Pearl continues, “sometimes a regression coefficient represents a causal effect, and sometimes it does not – and you can’t rely on the data alone to tell you the difference.” Imagine a graph with a regression line running through a plot of force applied by a hydraulic press and fracture rates for ceramic mugs. One axis may be pressure, and the other axis may be thickness of the ceramic mug. The individual points represent the point at which individual mugs fractured We would be able to generate a regression line by testing the fracture strength of mugs of different thickness, and from this line we would be able to develop pretty solid causal inferences about thickness and fracture rates. A clear causal link could be identified by the regression coefficients in this scenario.
However, we could also imagine a graph that plotted murder rates in European cities and the spread of Christianity.

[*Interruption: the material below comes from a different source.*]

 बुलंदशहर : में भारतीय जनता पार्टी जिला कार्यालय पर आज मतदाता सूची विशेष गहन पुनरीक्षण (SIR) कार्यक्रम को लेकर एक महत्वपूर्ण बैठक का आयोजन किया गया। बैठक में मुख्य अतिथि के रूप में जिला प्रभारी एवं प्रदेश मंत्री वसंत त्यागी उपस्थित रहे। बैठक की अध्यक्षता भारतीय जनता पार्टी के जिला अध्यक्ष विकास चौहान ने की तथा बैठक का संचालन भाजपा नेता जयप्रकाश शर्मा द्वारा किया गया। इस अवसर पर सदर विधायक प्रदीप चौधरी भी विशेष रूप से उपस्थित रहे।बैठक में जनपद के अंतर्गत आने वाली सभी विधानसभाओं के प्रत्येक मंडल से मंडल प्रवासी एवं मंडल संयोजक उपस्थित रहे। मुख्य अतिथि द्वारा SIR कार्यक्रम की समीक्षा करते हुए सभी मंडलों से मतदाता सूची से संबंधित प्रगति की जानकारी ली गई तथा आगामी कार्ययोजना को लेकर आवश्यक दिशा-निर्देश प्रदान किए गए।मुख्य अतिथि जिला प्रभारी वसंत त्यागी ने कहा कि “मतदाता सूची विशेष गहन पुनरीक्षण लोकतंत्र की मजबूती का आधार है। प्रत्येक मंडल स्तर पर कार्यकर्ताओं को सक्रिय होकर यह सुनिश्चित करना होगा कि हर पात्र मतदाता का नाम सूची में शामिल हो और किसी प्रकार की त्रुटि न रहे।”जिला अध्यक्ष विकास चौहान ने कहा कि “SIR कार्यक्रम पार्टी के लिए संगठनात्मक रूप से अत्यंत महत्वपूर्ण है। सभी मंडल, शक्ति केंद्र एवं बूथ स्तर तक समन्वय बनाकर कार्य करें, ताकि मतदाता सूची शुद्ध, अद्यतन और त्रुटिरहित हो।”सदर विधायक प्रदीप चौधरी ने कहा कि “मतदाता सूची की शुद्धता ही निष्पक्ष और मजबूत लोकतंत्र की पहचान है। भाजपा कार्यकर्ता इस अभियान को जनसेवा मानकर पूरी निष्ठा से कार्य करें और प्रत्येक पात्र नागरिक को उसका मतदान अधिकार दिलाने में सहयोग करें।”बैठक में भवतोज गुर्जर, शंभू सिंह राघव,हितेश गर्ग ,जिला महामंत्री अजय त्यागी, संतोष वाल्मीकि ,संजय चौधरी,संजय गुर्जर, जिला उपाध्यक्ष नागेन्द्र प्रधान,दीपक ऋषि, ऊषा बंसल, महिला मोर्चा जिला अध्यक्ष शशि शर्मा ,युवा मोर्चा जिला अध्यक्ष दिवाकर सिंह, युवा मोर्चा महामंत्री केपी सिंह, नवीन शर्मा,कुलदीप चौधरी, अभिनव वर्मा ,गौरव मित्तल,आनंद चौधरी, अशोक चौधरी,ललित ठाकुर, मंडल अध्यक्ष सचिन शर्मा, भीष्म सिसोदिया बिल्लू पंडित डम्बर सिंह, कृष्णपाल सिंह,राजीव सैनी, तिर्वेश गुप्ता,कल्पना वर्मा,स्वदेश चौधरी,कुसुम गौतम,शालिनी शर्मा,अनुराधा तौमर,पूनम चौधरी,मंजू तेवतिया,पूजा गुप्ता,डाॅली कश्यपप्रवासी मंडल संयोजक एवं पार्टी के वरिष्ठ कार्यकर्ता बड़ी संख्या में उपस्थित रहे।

With one axis being the number of years a city has had a Catholic bishop and the other axis being the number of murders, we may find that murders decrease the longer a city has had a bishop.  From this, we might be tempted to say that Christianity (particularly the location of a Bishop in a town) reduces murder. But what would we point to as the causal mechanism? Would it be religious beliefs adopted by people interacting with the church? Would it be that marriage rules that limited polygamy ensured more men found wives and became less murderous as a result? Would it be that some divinity smiled upon the praying people and made them to be less murderous? A regression like the one I described above wouldn’t tell us anything about the causal mechanism in effect in this instance. Our causal-thinking minds, however, would still generate causal hypothesis, some of which would be reasonable but others less so (this example comes from the wonderful The WEIRDest People in the World by Joseph Henrich).

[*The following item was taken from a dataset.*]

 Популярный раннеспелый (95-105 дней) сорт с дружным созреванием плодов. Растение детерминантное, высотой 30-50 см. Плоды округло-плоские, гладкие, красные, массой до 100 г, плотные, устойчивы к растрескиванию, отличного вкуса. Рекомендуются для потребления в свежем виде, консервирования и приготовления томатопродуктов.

Regression coefficients can be helpful, but they are less helpful when we cannot understand the causal mechanisms at play. Understanding the causal mechanisms can help us better understand the relationship represented by the regression coefficients, but the coefficient itself only represents a relationship, not a causal structure. Approaching data and looking for trends doesn’t help us generate useful information. We must first have a sense of a potential causal mechanism, then examine the data to see if our proposed causal mechanism has support or not. This is how we can use data and find support for causal hypothesis within regression coefficients.